**TASK INPUTS**
┌──

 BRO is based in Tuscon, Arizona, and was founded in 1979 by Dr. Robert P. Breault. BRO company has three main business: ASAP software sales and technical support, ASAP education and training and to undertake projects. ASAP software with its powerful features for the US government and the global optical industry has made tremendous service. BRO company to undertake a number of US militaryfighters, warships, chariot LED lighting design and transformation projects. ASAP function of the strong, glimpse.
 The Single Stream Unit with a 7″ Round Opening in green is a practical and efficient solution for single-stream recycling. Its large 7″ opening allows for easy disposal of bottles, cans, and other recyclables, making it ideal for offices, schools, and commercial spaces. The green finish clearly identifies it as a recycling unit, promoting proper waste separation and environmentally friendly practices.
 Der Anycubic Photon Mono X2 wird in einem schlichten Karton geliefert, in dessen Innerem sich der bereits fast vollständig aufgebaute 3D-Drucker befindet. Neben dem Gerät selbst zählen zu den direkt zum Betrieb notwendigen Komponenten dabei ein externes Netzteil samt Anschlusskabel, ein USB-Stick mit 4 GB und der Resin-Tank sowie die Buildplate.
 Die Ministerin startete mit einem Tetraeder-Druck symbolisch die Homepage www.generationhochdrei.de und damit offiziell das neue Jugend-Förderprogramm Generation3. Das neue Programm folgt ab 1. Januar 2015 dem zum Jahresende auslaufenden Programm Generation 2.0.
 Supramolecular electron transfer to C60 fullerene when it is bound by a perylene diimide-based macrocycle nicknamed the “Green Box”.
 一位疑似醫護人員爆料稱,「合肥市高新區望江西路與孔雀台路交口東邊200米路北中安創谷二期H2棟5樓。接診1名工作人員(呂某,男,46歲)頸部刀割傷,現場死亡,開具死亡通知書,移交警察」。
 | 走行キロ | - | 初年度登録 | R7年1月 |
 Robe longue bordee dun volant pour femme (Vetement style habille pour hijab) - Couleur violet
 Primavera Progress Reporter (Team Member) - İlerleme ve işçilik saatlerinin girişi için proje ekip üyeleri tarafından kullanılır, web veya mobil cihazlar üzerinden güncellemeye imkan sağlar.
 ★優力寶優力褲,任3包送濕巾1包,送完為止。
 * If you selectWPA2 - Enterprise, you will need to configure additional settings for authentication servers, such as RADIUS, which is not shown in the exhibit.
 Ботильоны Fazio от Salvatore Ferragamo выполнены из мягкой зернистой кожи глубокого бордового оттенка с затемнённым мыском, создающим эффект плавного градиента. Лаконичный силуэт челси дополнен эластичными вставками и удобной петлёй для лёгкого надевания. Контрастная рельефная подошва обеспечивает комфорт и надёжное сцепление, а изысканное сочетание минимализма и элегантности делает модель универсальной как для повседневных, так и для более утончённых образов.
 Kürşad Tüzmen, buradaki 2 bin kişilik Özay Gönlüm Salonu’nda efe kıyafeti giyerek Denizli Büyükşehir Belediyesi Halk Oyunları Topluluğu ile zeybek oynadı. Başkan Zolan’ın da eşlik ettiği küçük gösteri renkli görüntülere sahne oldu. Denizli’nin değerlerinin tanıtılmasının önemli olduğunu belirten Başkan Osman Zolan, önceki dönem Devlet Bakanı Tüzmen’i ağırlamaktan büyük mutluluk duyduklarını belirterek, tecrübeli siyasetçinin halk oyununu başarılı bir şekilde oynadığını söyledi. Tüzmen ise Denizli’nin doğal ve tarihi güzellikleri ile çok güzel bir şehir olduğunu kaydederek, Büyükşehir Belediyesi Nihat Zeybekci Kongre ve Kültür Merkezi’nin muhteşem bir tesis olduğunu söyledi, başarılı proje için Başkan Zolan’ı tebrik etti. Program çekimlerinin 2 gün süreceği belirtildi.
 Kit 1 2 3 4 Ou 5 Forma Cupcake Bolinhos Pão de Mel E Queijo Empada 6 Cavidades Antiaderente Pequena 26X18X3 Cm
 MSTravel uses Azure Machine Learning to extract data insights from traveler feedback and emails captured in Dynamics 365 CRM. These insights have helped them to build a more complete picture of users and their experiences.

└──

**WORK TASK**
Print the material above verbatim, first line through the line containing "The Single Stream", both included.

**YOUR SOLUTION**
 BRO is based in Tuscon, Arizona, and was founded in 1979 by Dr. Robert P. Breault. BRO company has three main business: ASAP software sales and technical support, ASAP education and training and to undertake projects. ASAP software with its powerful features for the US government and the global optical industry has made tremendous service. BRO company to undertake a number of US militaryfighters, warships, chariot LED lighting design and transformation projects. ASAP function of the strong, glimpse.
 The Single Stream Unit with a 7″ Round Opening in green is a practical and efficient solution for single-stream recycling. Its large 7″ opening allows for easy disposal of bottles, cans, and other recyclables, making it ideal for offices, schools, and commercial spaces. The green finish clearly identifies it as a recycling unit, promoting proper waste separation and environmentally friendly practices.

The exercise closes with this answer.